> **The task**: Pictures stay out of this copy, which runs from the first line of the material through the line containing "就比如在问剑侠义坊中大家是跟".

> **Source data**:
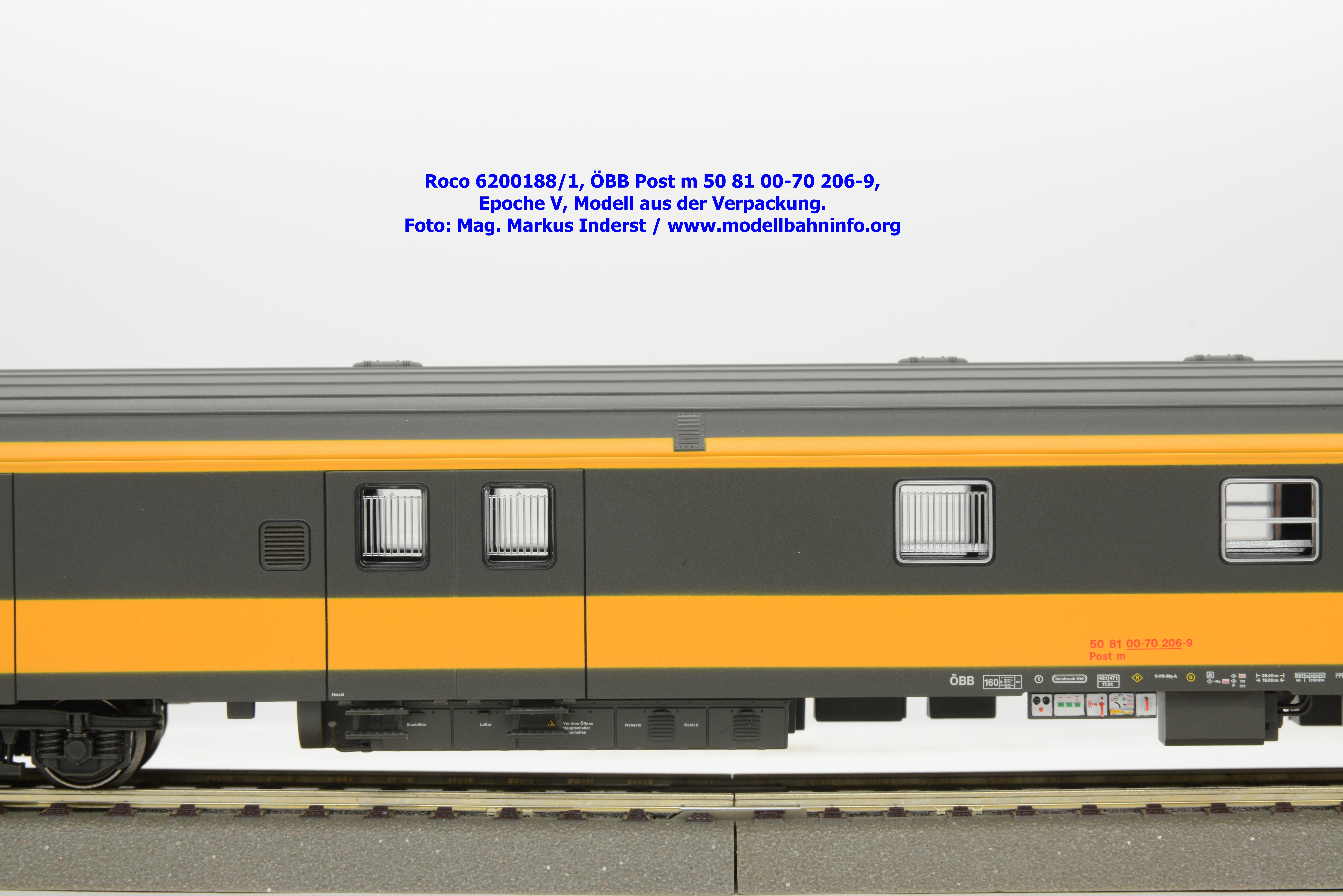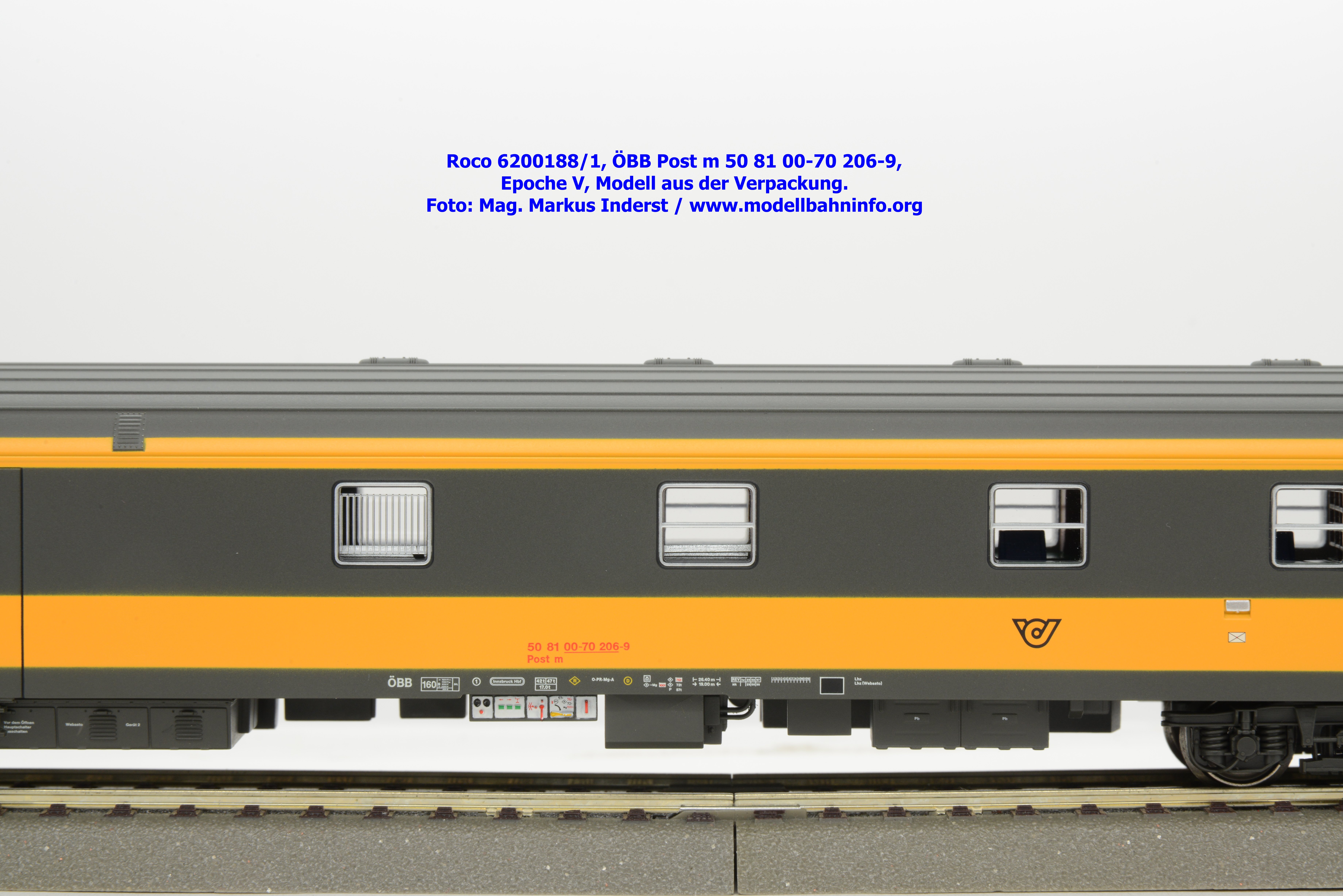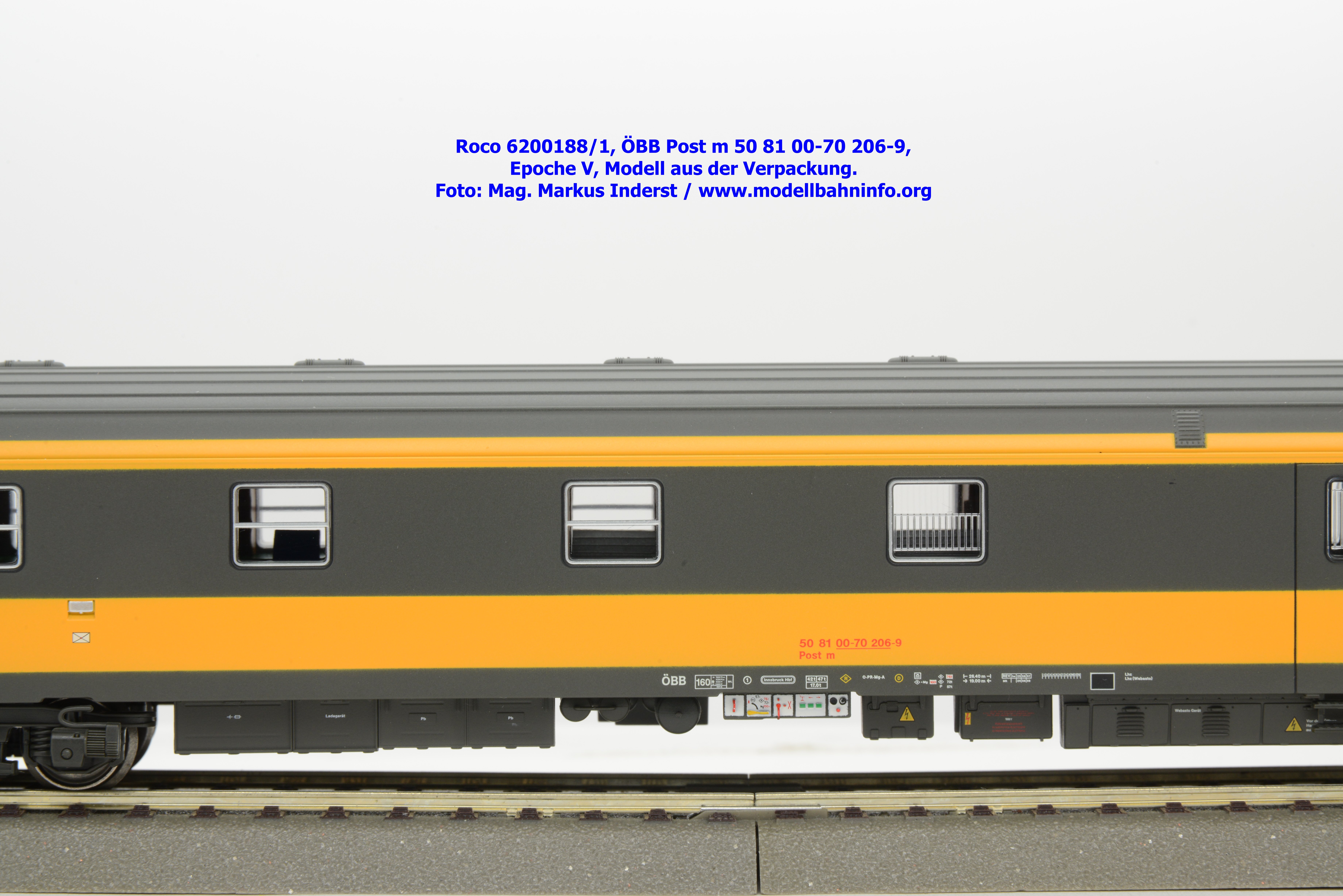 Das erste Modell in dem Wagenset ist als Postm 50 81 00-70 206-9 beschriftet. Der Wagen ist in Innsbruck beheimatet. Im Revisionsraster stehen die Angaben REV Iw 29. 8.97.
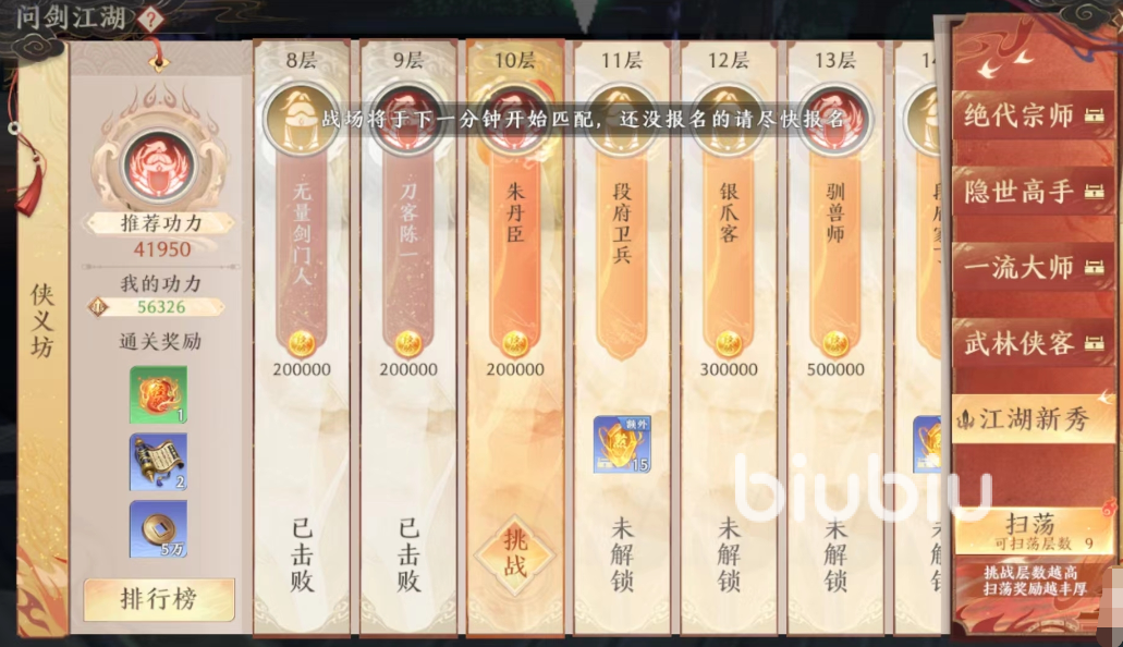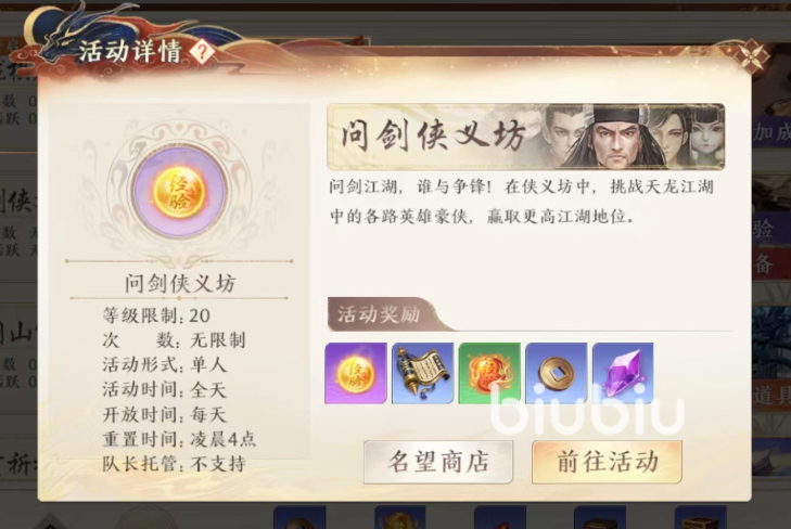 就比如在问剑侠义坊中大家是跟系统boss作战,进入相应页面中大家可以看到上面的挑战层数,从第一关开始闯关,每一关的难度逐步上升,奖励也是逐步提升,而且这个活动是只要大家到了20级之后就可以参与的了,就是不能组队参与。
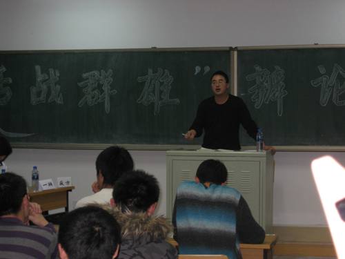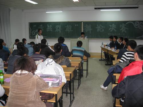 社团联合会主席朱光博、副主席殷允阔、学生会副主席李东博、辩论协会会长黄贻俊担任本场比赛的评委。 辩论会决赛在主席张赫鸣同学宣读辩论会规则后,080301、080302联队和080305、080306联队就成大事者不拘小节和成大事者也拘小节论题展开辩论。首先双方一辩进行开篇立论,紧接着双方二三辩开始互相盘辩,由双方一辩做攻辩小结。接下来的就是更为激烈的“唇枪舌战”了,双方开始了自由辩论,两方各不示弱,咄咄逼人的气势,敏捷缜密的思维,幽默风趣的言辞,博得现场观众阵阵掌声,将现场气氛推向高潮。最后由双方四辩进行本次比赛的最后一环节总结陈词,正反方抓住最后的机会将本队的论题做了升华。080301、080302联队获得本次“舌战群雄”辩论赛的总冠军,赵爽老师对本次比赛做了精彩的点评,勉励同学们将思辨意识融入到生活中去,为将来的就业面试打下坚实基础。 通过本次辩论赛,同学们深深的被辩论赛的魅力折服,锻炼了大家敢想敢说,展示自我的胆量。同时通过互相之间的配合,享受到交流的快乐,拓宽了知识领域,收获了珍贵的友谊。
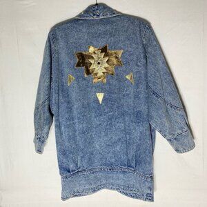 Vintage 90s Marshall Rousso Acid Wash Denim Jacket W Gold Western Accents S

> **Reply**:
 Das erste Modell in dem Wagenset ist als Postm 50 81 00-70 206-9 beschriftet. Der Wagen ist in Innsbruck beheimatet. Im Revisionsraster stehen die Angaben REV Iw 29. 8.97.
 就比如在问剑侠义坊中大家是跟系统boss作战,进入相应页面中大家可以看到上面的挑战层数,从第一关开始闯关,每一关的难度逐步上升,奖励也是逐步提升,而且这个活动是只要大家到了20级之后就可以参与的了,就是不能组队参与。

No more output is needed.